(Recorded data)

• • •

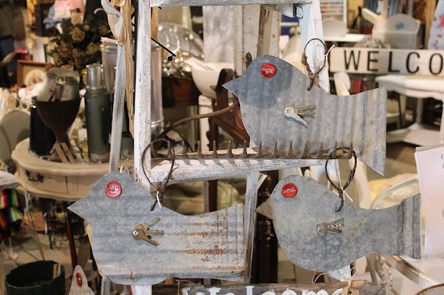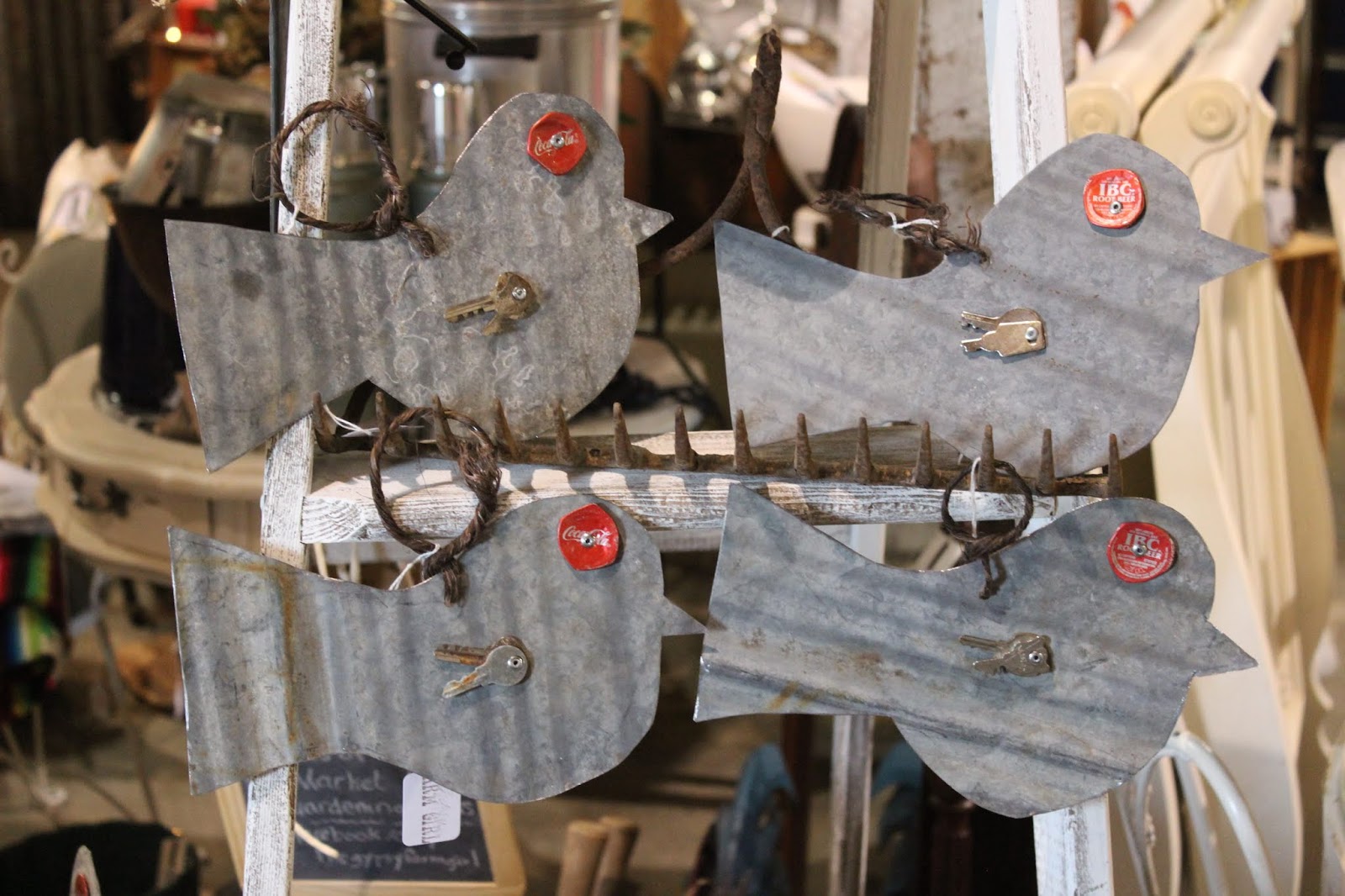 And because we can't let old barn tin go to waste, just because granddaddy's old hay barn came down in jagged and torn pieces, we made tin birds with keys for wings and bottle cap eyes. This is the first time the tin birds have been listed online. I've made the birds on yard stakes before, but the shipping cost was outrageous for a big box, so we just sold those in person at our events. The last time we made birds, we decided some would be on wire hangers, so they can easily be shipped and you can hang them anywhere you want to! With two sizes, I'm calling them the "mama birds" and "baby birds!"
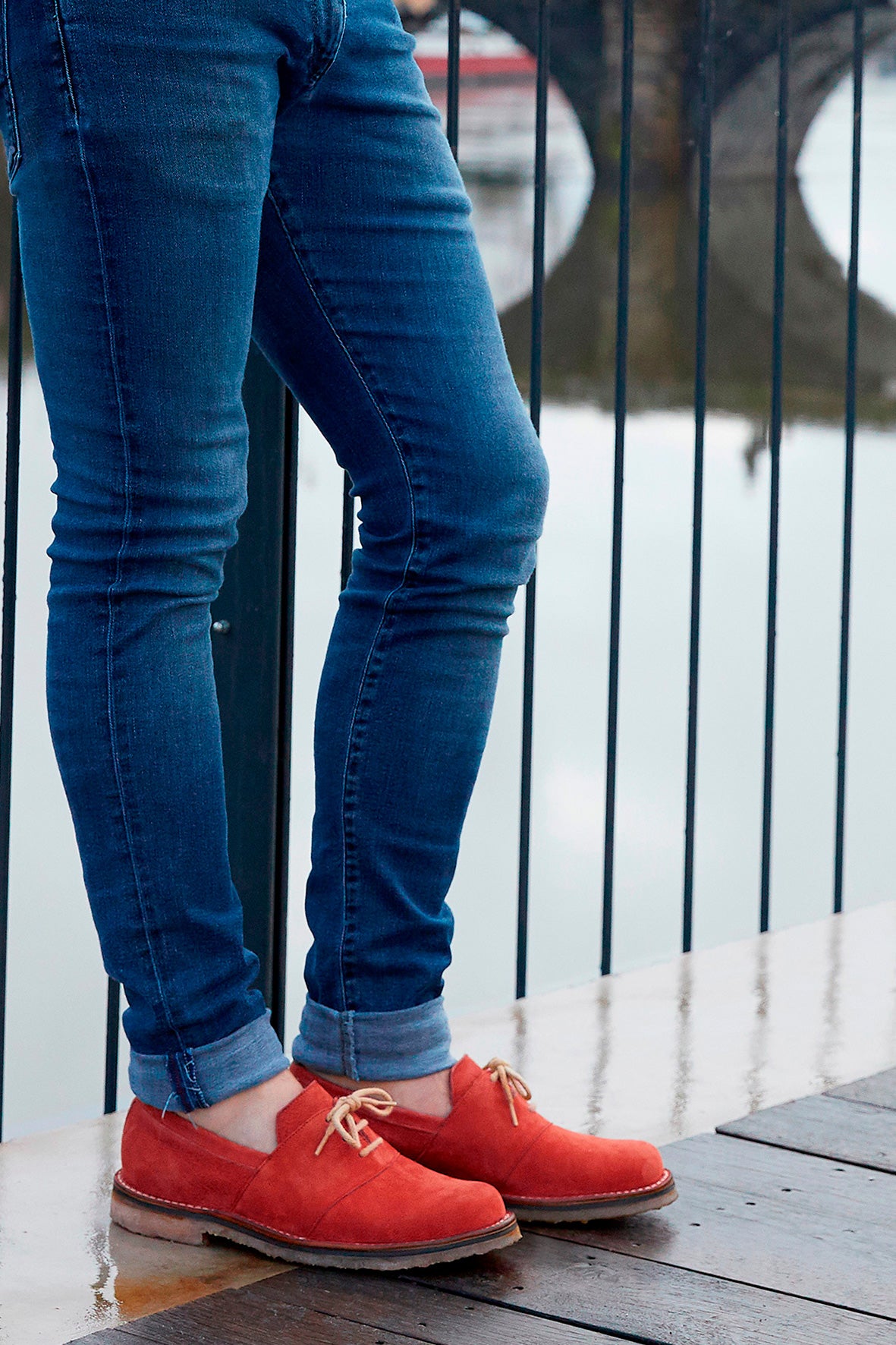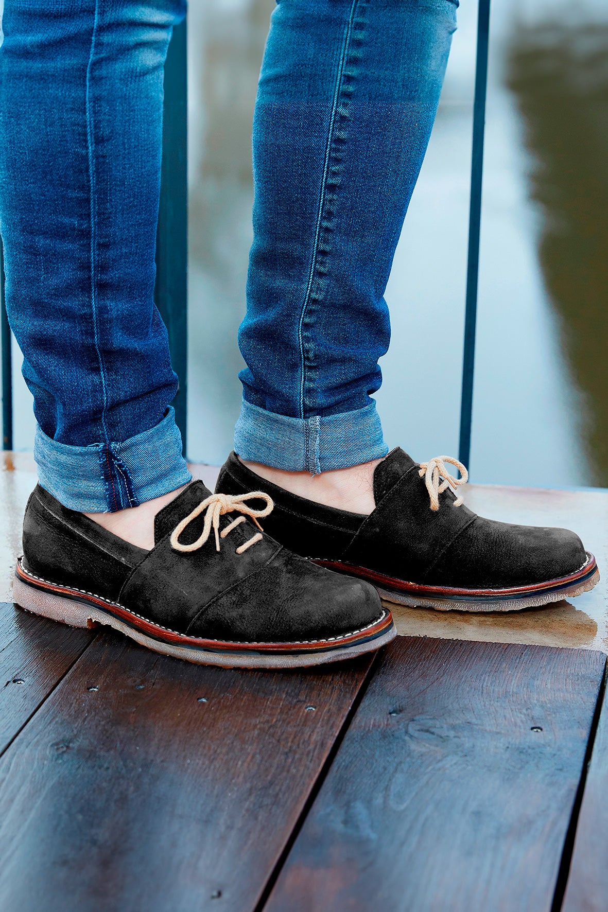 靴のアッパーとレザーソールは工房で手作業でパティーニングされています。同色のシューレースが追加され、すっきりとしたシームレスな仕上がりになっています。
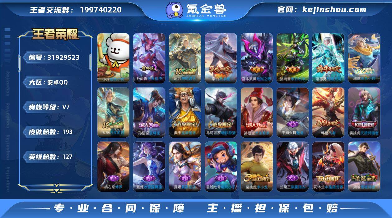 贵族等级:V7 典藏皮肤数:0 珍品无双皮肤数:0 无双皮肤数:0 珍品传说皮肤数:0 传说皮肤数:5 史诗皮肤数:50 皮肤数:193 英雄数:127 段位:王者 卖家说:随便看看,喜欢的兄弟可以议价
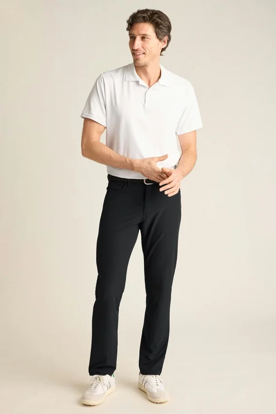 Le pantalon 5 poches Course Legend de Bonobos offre une grande élasticité et un style inspiré du denim. Un pantalon de Golf pour homme conçu pour les voyages, les week-ends et les parties sur le parcours.
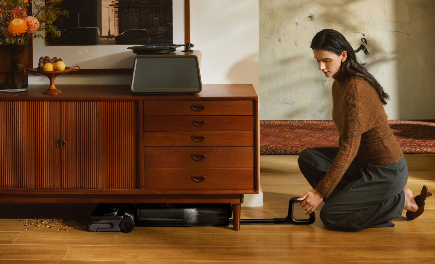Mit einer Höhe von gerade einmal 12,5 cm¹⁹ gleitet er spielerisch leicht unter Möbel wie Betten oder Sofas.
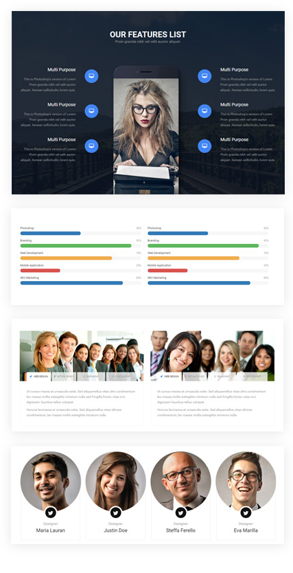 We included sliders, carousels, headers, boxes, maps and much more
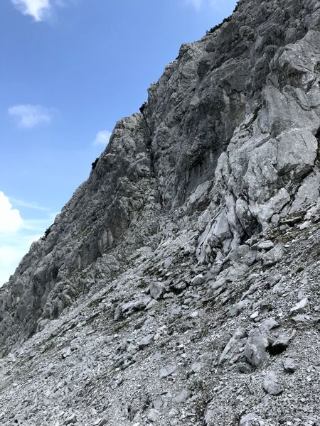 Ich erreichte die Hütte kurz nach 8 Uhr, als die ersten Wanderer gerade vor die Tür traten. Der Weg zum Mitterkaiser ist nicht offiziell ausgeschildert, aber Richtung Norden führt ein ca. 300 m langer Weg auf eine deutlich sichtbare senkrechte Rinne zu. Die steile und lange Rinne ist der einzige Weg, um auf den Mitterkaiser zu gelangen. Mit leichten und besonnen Kraxelein im zweiten Schwierigkeitsgrad (nach UIAA) gelangte ich langsam immer höher. Oberhalb der Rinne befanden sich Latschenkiefern und kleine steile Wiesenabschnitte. Der Weg zum Gipfel war leicht zu finden.
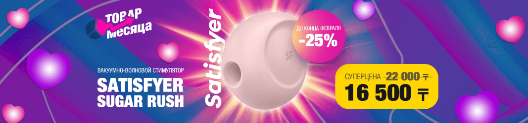 Успейте до 14 февраля приобрести вакуумно-волновой стимулятор Sugar Rush от Satisfyer со скидкой –25% в любом магазине Extaz.kz в Алматы, Астане или Шымкенте, а также при заказе онлайн на сайте.!
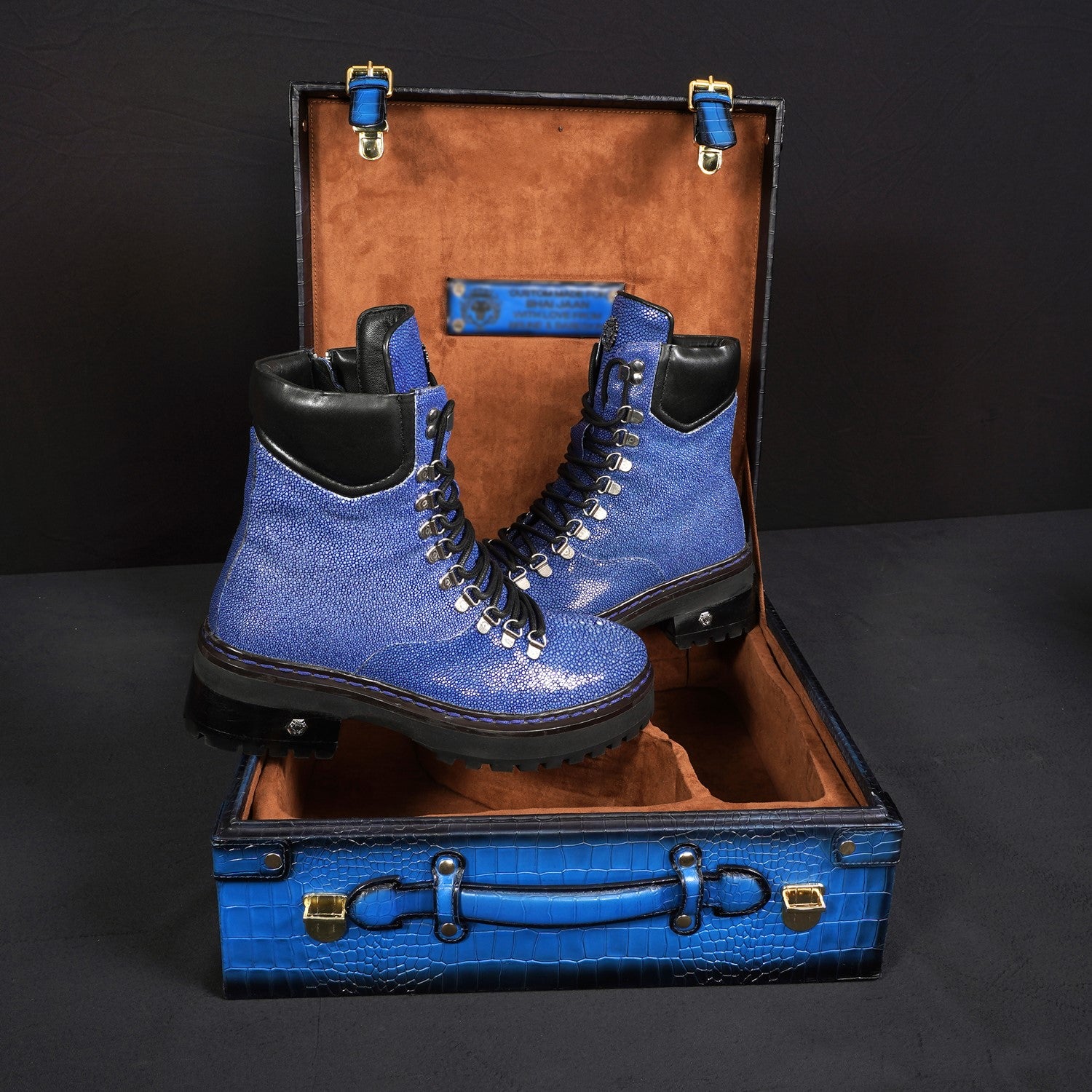 Deep Cut Croco Leather Shoe Case in Blue with Golden Detailing

• • •

• What to do:
Please take the lines from the beginning of the data above through the line holding "靴のアッパーとレザーソールは" and transcribe them exactly, without any pictures.

• Exercise response:
 And because we can't let old barn tin go to waste, just because granddaddy's old hay barn came down in jagged and torn pieces, we made tin birds with keys for wings and bottle cap eyes. This is the first time the tin birds have been listed online. I've made the birds on yard stakes before, but the shipping cost was outrageous for a big box, so we just sold those in person at our events. The last time we made birds, we decided some would be on wire hangers, so they can easily be shipped and you can hang them anywhere you want to! With two sizes, I'm calling them the "mama birds" and "baby birds!"
 靴のアッパーとレザーソールは工房で手作業でパティーニングされています。同色のシューレースが追加され、すっきりとしたシームレスな仕上がりになっています。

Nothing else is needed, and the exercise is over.